** Information provided follows **

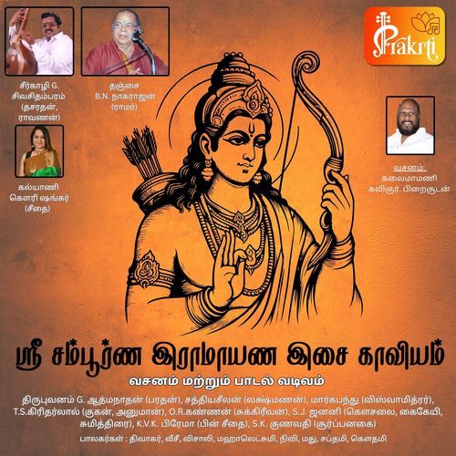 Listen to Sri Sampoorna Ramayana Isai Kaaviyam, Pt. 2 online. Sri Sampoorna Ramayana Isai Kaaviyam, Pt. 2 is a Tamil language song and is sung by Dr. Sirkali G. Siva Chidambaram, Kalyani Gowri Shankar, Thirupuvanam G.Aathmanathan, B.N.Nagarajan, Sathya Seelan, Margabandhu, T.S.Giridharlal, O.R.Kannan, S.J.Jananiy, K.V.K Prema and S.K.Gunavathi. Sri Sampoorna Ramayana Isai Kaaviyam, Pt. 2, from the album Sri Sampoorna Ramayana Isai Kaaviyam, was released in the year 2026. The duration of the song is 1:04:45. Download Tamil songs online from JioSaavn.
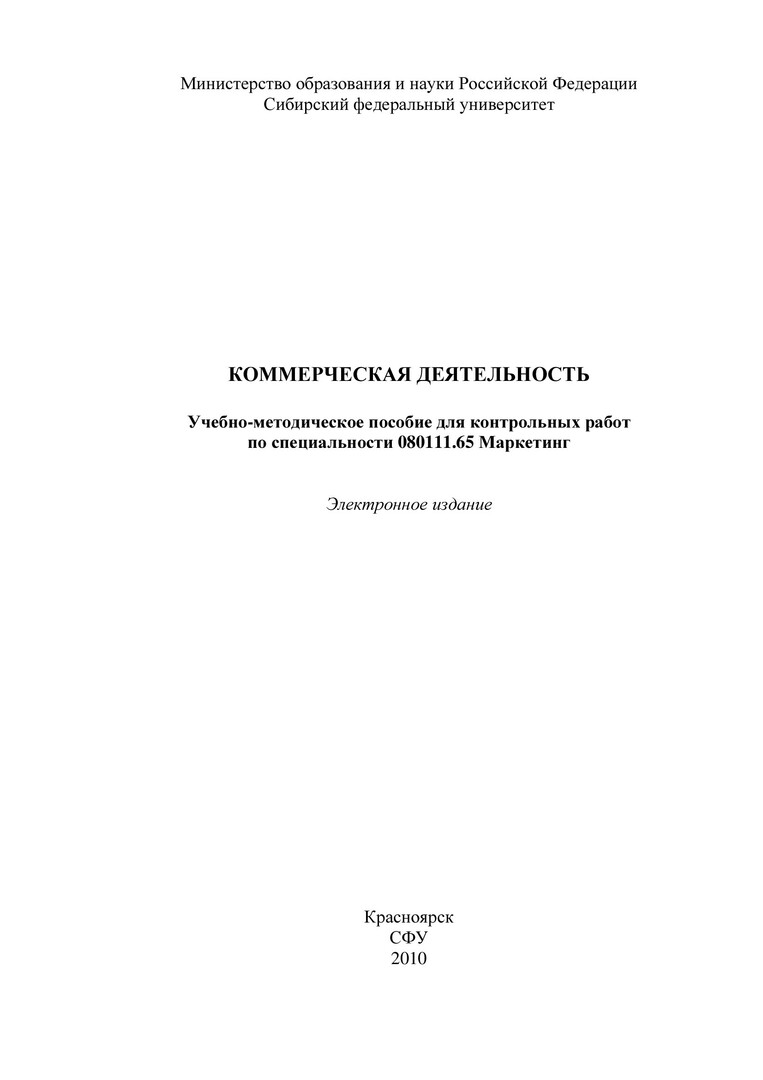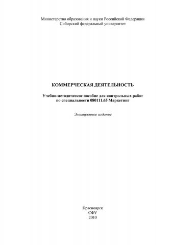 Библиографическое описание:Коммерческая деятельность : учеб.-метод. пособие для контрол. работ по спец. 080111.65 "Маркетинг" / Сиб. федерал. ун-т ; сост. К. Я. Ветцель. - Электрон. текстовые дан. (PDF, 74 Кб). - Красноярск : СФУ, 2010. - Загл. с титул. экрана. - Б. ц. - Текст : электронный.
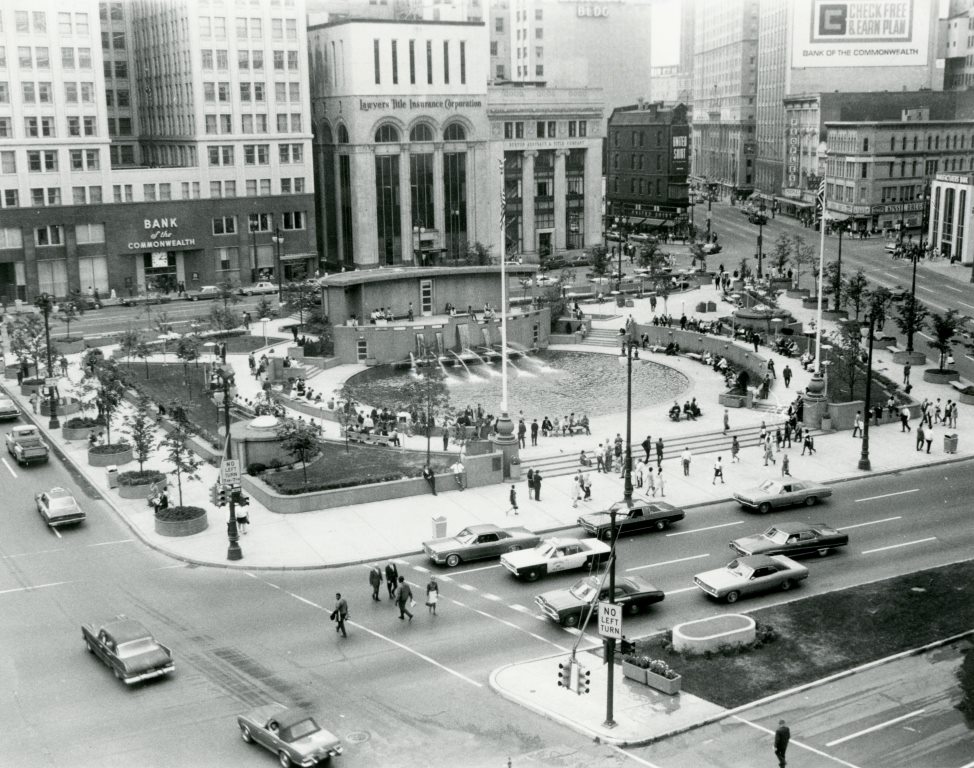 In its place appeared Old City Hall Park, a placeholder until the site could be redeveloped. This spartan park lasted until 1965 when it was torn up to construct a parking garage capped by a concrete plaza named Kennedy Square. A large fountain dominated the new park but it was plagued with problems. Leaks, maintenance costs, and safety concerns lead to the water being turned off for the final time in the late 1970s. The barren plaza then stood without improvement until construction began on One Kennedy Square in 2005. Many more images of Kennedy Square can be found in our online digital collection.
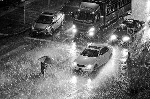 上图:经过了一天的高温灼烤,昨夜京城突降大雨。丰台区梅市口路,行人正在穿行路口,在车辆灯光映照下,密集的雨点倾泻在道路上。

** End of Information provided **

From the line that holds "In its place" down to the last line of the material above, every line is to be copied exactly, both ends included; pictures are to be omitted.

= Your solution =
 In its place appeared Old City Hall Park, a placeholder until the site could be redeveloped. This spartan park lasted until 1965 when it was torn up to construct a parking garage capped by a concrete plaza named Kennedy Square. A large fountain dominated the new park but it was plagued with problems. Leaks, maintenance costs, and safety concerns lead to the water being turned off for the final time in the late 1970s. The barren plaza then stood without improvement until construction began on One Kennedy Square in 2005. Many more images of Kennedy Square can be found in our online digital collection.
 上图:经过了一天的高温灼烤,昨夜京城突降大雨。丰台区梅市口路,行人正在穿行路口,在车辆灯光映照下,密集的雨点倾泻在道路上。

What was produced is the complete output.